Il diavolo, probabilmente
Ci sono molti film importanti e spesso magnifici o conturbanti sul piano della riflessione filosofico-religiosa, ma ci sono anche registi la cui intera opera è scavo e ricerca del senso della vita, sforzo di penetrazione – o di interrogazione – sul mistero dell’esistenza, e sull’eterno conflitto, sugli eterni dubbi che riguardano il Bene e il Male, registi i cui film hanno una grandissima tensione filosofica, ma sono sorretti allo stesso tempo da una straordinaria capacità di narrare, di dar corpo a idee e concetti grazie a storie e a personaggi. Alcuni di questi registi hanno esplorato, incarnandoli in personaggi e vicende comprensibili, vicini e vicine a noi anche nella loro essenzialità, i temi fondamentali dell’umana ricerca, di una inquietudine che possiamo ben dire religiosa. Penso a Dreyer e a Bergman, a Buñuel e a Bresson – un danese e uno svedese, uno spagnolo e un francese; due grandi artisti di formazione protestante e due di formazione cattolica –. E a questi nomi vanno senz’altro aggiunti quelli di due italiani che, anche se solo occasionalmente, hanno affrontato il sacro, si sono interrogati sul senso dell’esistenza: Pasolini e, prima di lui, Rossellini, su cui torneremo parlando di almeno tre suoi film straordinari, quello sui fioretti di san Francesco, Germania anno zero ed Europa ‘51, tra le opere più significative della storia del cinema.
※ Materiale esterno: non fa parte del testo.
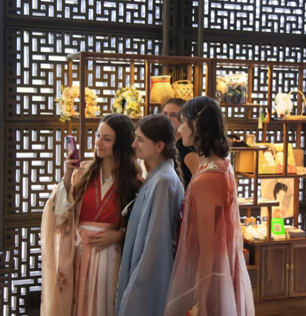 8月7日至10日,中国工艺美术馆(中国非物质文化遗产馆)推出“立秋·七夕”主题系列夜场活动。图为外国游客在现场体验“穿着汉服逛博物馆”。(图片来源:中国工艺美术馆供图)
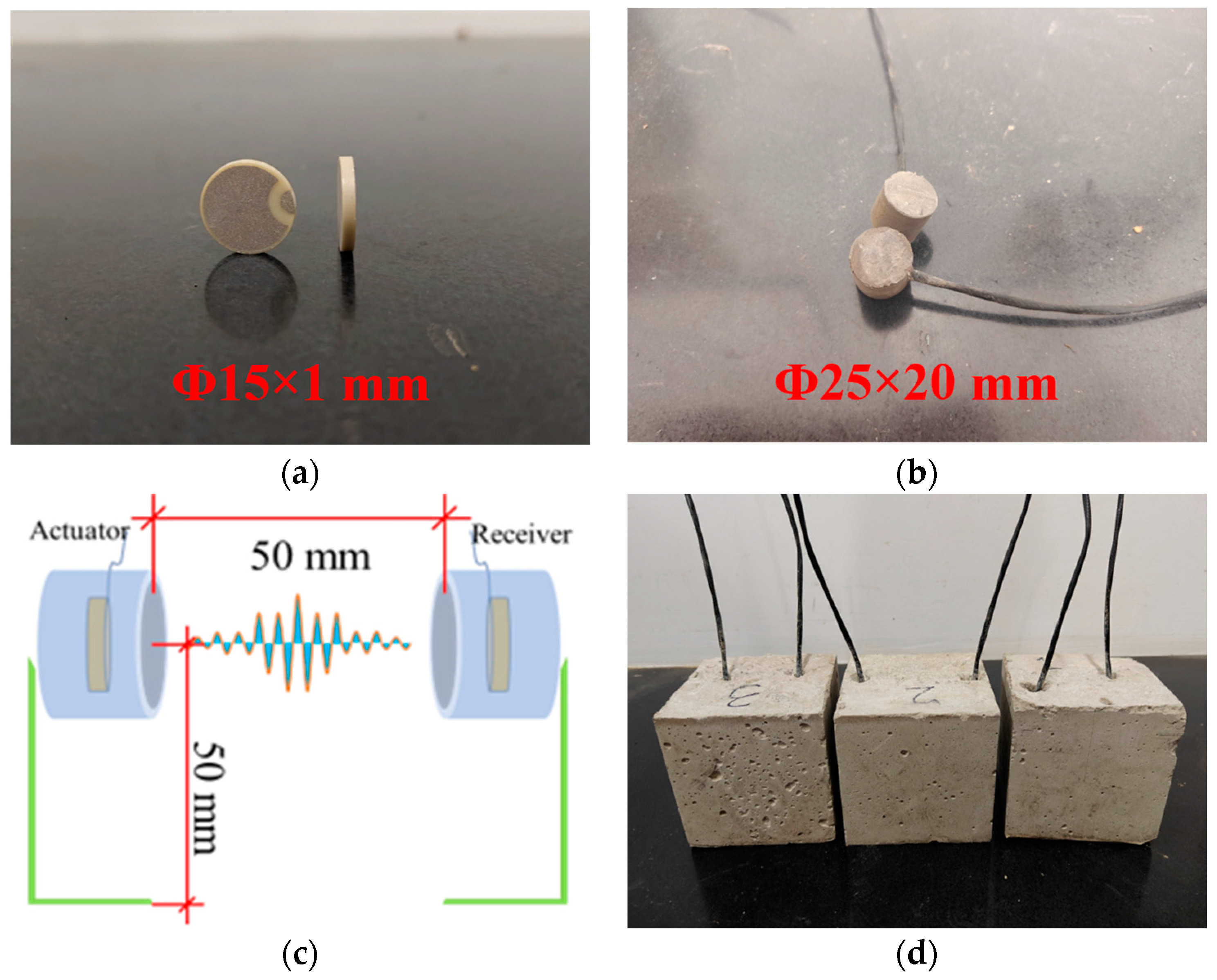 - Jiang, S.; Yang, J.T.; Hu, J.X.; Lu, G.Y. Early-age mortar and concrete strength monitoring using embedded smart piezoelectric module based on wave propagation technique. Measurement 2025, 247, 116789. [Google Scholar] [CrossRef]
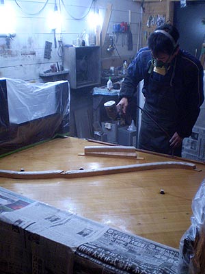 スタインウエイ純正金粉でヤマハU3のフレームを塗装
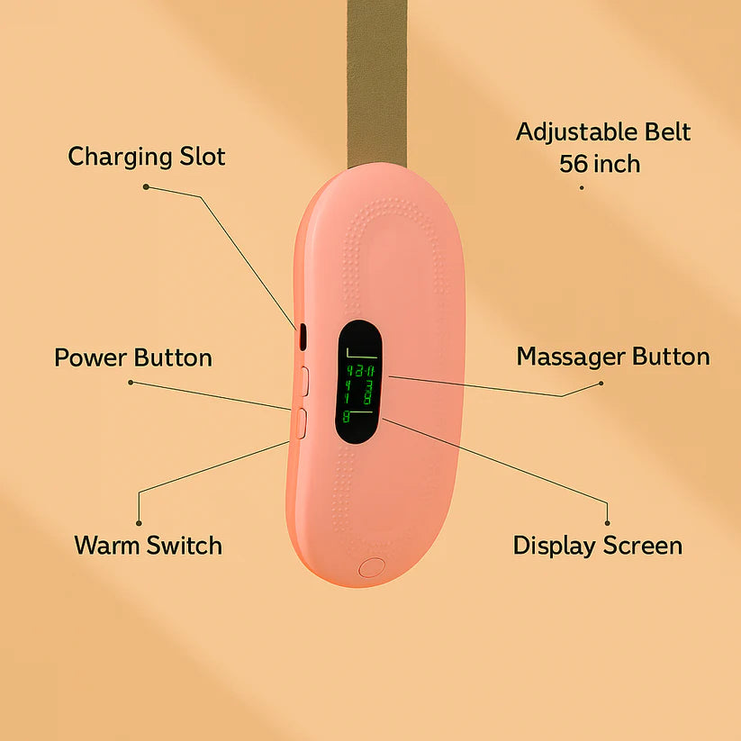 Our Period Cramp Relieving Heating Pad and Massager uses USB charging, ensuring convenience and flexibility. With three adjustable temperature settings and four massage modes, you can customise your experience based on your unique needs. It seamlessly fits into your lifestyle, allowing you to manage your period discomfort without disrupting your daily activities.
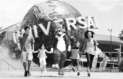 图为新加坡环球影城前华人家庭欢乐游玩。(来源:昵图网)
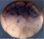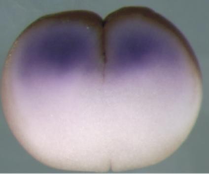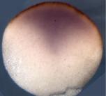 shroom1 ( shroom family member 1 ) gene expression in Xenopus laevis embryos, NF stage2, as assayed by in situ hybridization. Animal up, vegetal down.
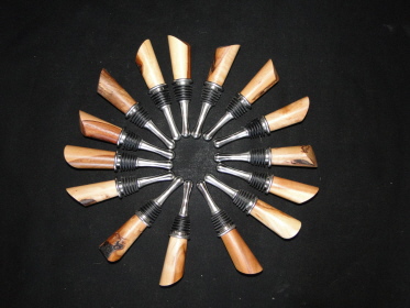 Die Flaschenverschlüsse passen auf sämtliche Flaschenhälse durch den konischen Gummi. Wir verwenden ausschließlich dekorative Hölzer, wie Obstbaumhölzer oder Hölzer mit schöner Zeichnung, damit der Verschluss immer ein Hingucker ist. Unsere Hölzer werden alle geölt. Dadurch, dass der Verschluss aus Edelstahl ist (und nicht wie die meisten aus Chrom!), genügt er höchsten Ansprüchen. Bei größeren Mengen( z. B. Weihnachtsgeschenke von Firmen) bitte langfristig vorbestellen. Preis: 15.-- € incl. MwSt. |
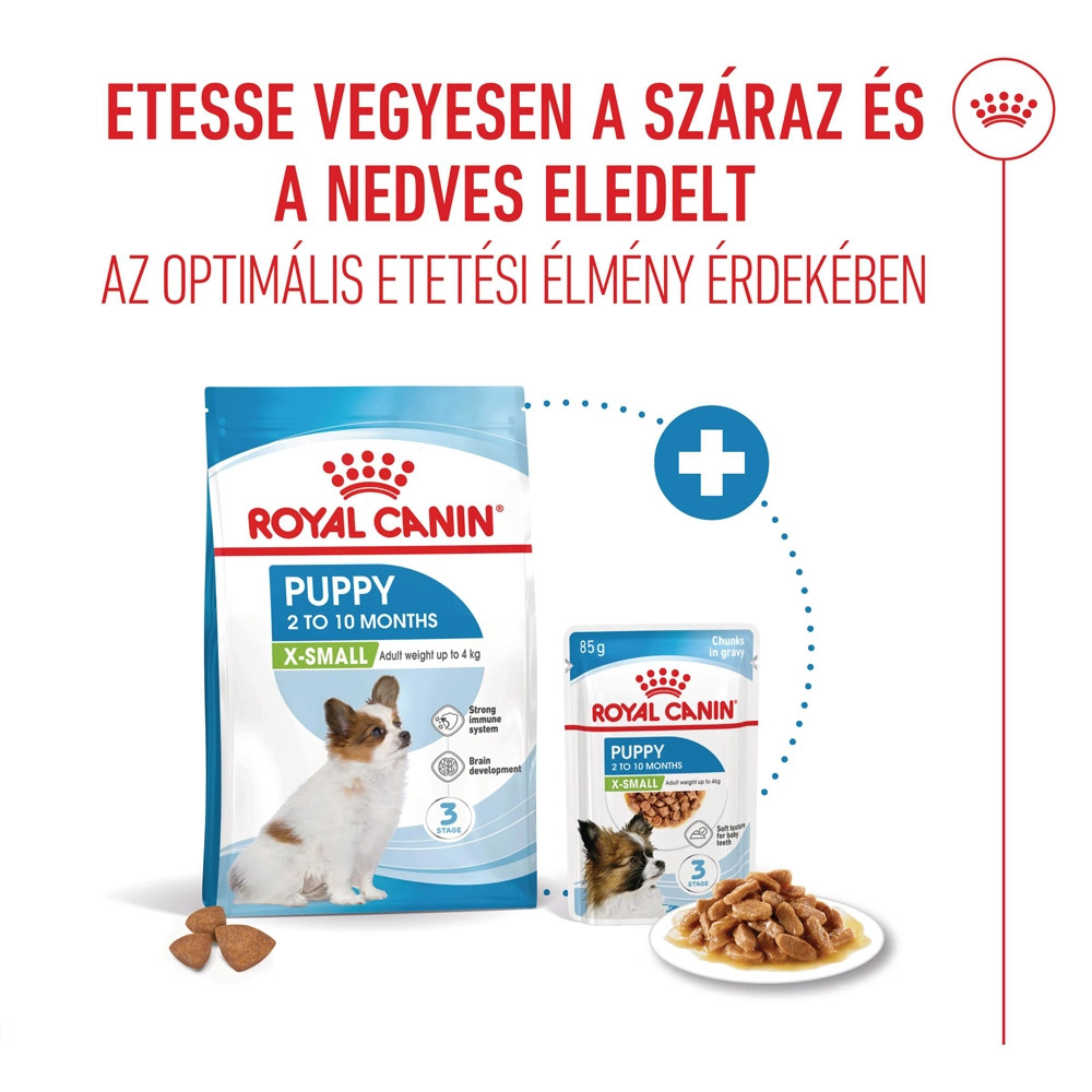 A ROYAL CANIN X-Small Puppy tápot kifejezetten az extra kistestű kölyökkutyák tápanyagszükségleteit szem előtt tartva fejlesztettük ki. Összetétele megfelelő a 2-10 hónapos kölyökkutyák számára, amelyeknek legfeljebb 4 kg felnőttkori testsúlyt kell elérniük.
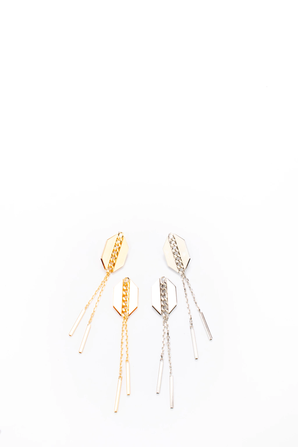 O Brinco Double Brony apresenta um design liso e correntaria, com 9 cm de altura e 1,5 cm de largura na parte lisa, onde está localizado o pino.
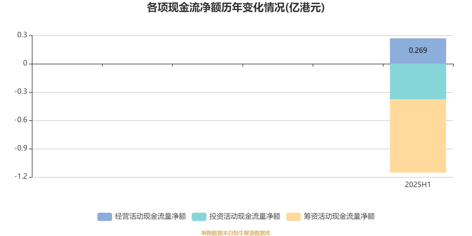 2025年上半年,公司经营活动现金流净额为2690.7万港元;筹资活动现金流净额-7771.5万港元;投资活动现金流净额-3768.9万港元。
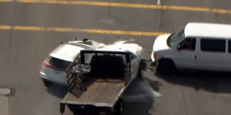 Da Redação do Blog — Uma perseguição digna de filme de ação terminou em tragédia e muita destruição nas ruas de Long Beach, na Califórnia, nesta quinta-feira (28). O motorista de um caminhão plataforma (flatbed) fugia da polícia em alta velocidade quando causou um verdadeiro caos no trânsito: bateu em mais de uma dúzia de veículos, feriu várias pessoas e ainda tentou sair caminhando como se nada tivesse acontecido.
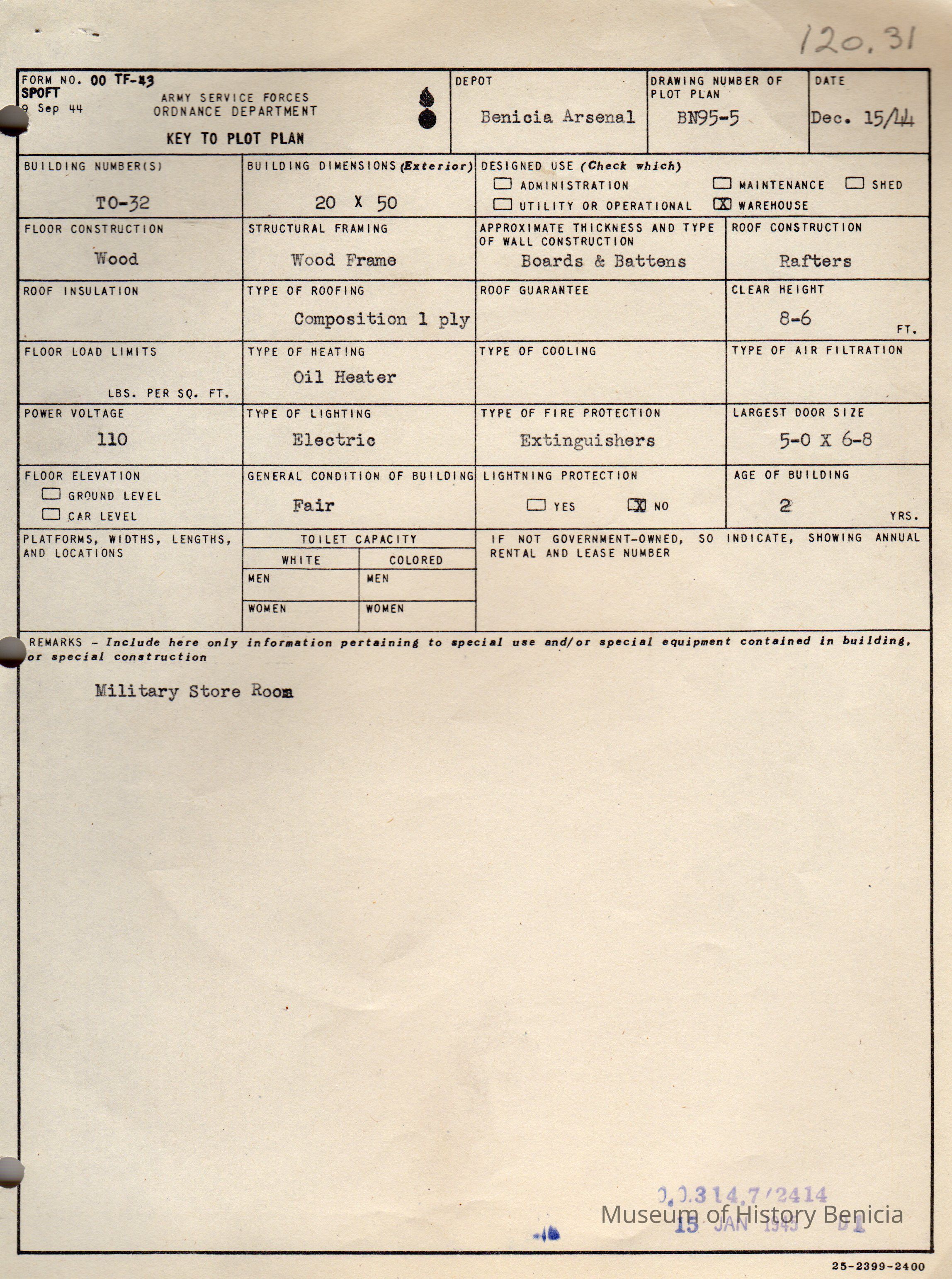 Benicia Arsenal Document. Form No. OO TF-43 SPOFT dated Dec. 15, 1944 Army Service Forces Ordnance Department, Key to Plot Plan Building TO-32 Military Store Room.Collection

Robert Bresson fu influenzato in modo determinante dalla lettura dei romanzi e dei saggi di Bernanos e di Dostoevskij, che hanno spesso ispirato le sue narrazioni, e dalle idee religiose dei giansenisti. La conversa di Belfort (1943, titolo originale Gli angeli del peccato, ambientato in un convento femminile che accoglie una prostituta in fuga, con lo sconcerto che ne segue tra le monache); Il diario di un curato di campagna, in cui un giovane sacerdote scopre un mondo maligno e crudele ma ciò nonostante muore dicendo che «tutto è Grazia»; Un condannato a morte è fuggito, storia vera di un’evasione da un carcere nazista che il regista conclude con una citazione esemplare, che «il vento soffia dove vuole»; fino ai film su Giovanna d’Arco, e su Lancillotto e Ginevra, personaggi mitici, o al dittico crudele sulla provincia contadina, con la storia di Mouchette, una adolescente che deve confrontarsi con la cattiveria umana, e con la storia di Au hasard Balthazar che osa dare dignità alla sofferenza di un asino, paragonando il suo calvario a quello cristiano, e a Così bella, così dolce dal breve capolavoro di Dostoevskij La mite... E a L’argent dal breve capolavoro di Tolstoj La moneta falsa, ma che si ferma alla sua prima parte, quella dei danni provocati da una cambiale falsa nel suo passaggio di mano in mano, ignorando la seconda, in cui il percorso inverso, a partire ora non da un moto di avidità ma da un atto di pietà, ci si propone come un’altra possibilità, in definitiva quella del bene, della carità, della generosità, del sacrificio.
Sul finire dei suoi anni, Bresson (è morto nel 1999, alla fine di un secolo di cui ha visto tutte le brutture) ci sembrò non credere più nella forza del Bene, e convinto invece della forza del Male: nel mondo, ha detto nel suo ultimo film, a vincere è il male. In una scena di un film (del 1977) che tutti dovremmo vedere e rivedere, un piccolo gruppo di persone ragiona in un tram sugli orrori piccoli e grandi che ci accadono intorno e cerca una spiegazione, e uno di loro dice (è questo il titolo del film): Il diavolo, probabilmente. Come dire che il Male è più forte del Bene. Il film racconta di un giovane adolescente angosciato dal futuro, in una convinzione pre-ecologista della violenza che gli uomini esercitano sulla natura. In un finale terribile dà tutti i suoi soldi a un giovane affamato di droga per farsi uccidere, non avendo la forza di farlo da solo. Il regista forse più attento al «discorso religioso» di tutta l’intera storia del cinema, ha concluso la sua carriera con questo film e con L’argent, indicando le due presenze del male nella storia di tutti: la violenza sulla natura e la forza corruttrice del denaro. C’è da tremarne.